In Eastern Judiasm ecclesiastical writers identify the sons of God as fallen angels. The sons of God were thought to be descendants of Seth. The daughters of God were thought to be descendants of Cain. 

The nephilim, neflheim is a Hebrew word for a union between gods and mortals. Along this line of thought is tartarus. This is a place for fallen angels, an abyss, a prison for angels, the netherworld, Hades, sheol. In short, a place of punishment. The titans of the east, was a legend about the wickedness of men. This provoked the flood.

My conclusion is, that the sons and the daughters were once children of God. But, they believed "the lie" and no longer had faith. They became powerful (giants in their time), God in His mercy gave them about 120 years to turn to Him before He sent the flood and Noah.
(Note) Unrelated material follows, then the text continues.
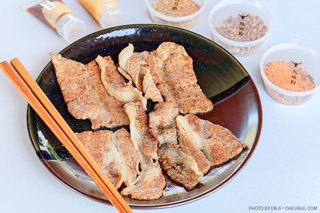 霜降松阪豬燒肉片吃起來略帶點脆彈,油脂的比例雖然豐富,不過整體還蠻爽口的;如果擔心比較膩口的話,可以烤至有點金黃微焦的程度,吃起來特別過癮!

October 28 2022 1 response Vote Up Share Report

My picture Jack Gutknecht ABC/DTS graduate, guitar music ministry Baptist church
Good question, Ainsley! From my days at Arizona Bible College in Phoenix, Arizona where I think we debated this question, I believe that the sons of God were the godly line of Seth, and that the daughters of men were the daughters of the line of Cain. They intermarried and gave birth to the nephilim. I think this view was also presented at Scottsdale Bible Church in Scottsdale, Arizona, where I grew up.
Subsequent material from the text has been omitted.